*** Data Section Begins ***

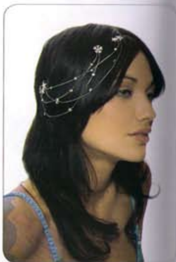
D'Ana Création - Sheherazade d'un jour avec ces doubles fils cristal qui se clipent aux cheveux en une multitude de possibilités...
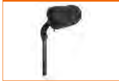
encosto de cabeça de abas
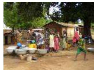
Distribution de l'eau à Miniki

*** Data Section Ends ***

Reproduce the listing exactly, minus its pictures.

D'Ana Création - Sheherazade d'un jour avec ces doubles fils cristal qui se clipent aux cheveux en une multitude de possibilités...
encosto de cabeça de abas
Distribution de l'eau à Miniki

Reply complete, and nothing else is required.